Task prompt: There is one span to output from the data below: the lines starting at the line with "Durch die Verwendung" and ending at the line with "والعرب تستعمله في". Output it exactly, ends included, nothing more.

--- Exercise material Enclosed Below ---

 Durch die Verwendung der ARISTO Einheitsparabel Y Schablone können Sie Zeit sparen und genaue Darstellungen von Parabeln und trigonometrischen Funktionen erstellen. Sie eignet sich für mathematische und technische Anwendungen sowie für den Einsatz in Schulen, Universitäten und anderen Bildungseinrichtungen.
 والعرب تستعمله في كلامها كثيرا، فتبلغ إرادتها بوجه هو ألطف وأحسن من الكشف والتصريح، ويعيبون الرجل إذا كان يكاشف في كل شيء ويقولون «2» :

--- End of Enclosed Exercise material ---
--- Exercise material Enclosed Below ---

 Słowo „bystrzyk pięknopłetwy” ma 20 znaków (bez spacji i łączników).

--- End of Enclosed Exercise material ---

Finished task:
 Durch die Verwendung der ARISTO Einheitsparabel Y Schablone können Sie Zeit sparen und genaue Darstellungen von Parabeln und trigonometrischen Funktionen erstellen. Sie eignet sich für mathematische und technische Anwendungen sowie für den Einsatz in Schulen, Universitäten und anderen Bildungseinrichtungen.
 والعرب تستعمله في كلامها كثيرا، فتبلغ إرادتها بوجه هو ألطف وأحسن من الكشف والتصريح، ويعيبون الرجل إذا كان يكاشف في كل شيء ويقولون «2» :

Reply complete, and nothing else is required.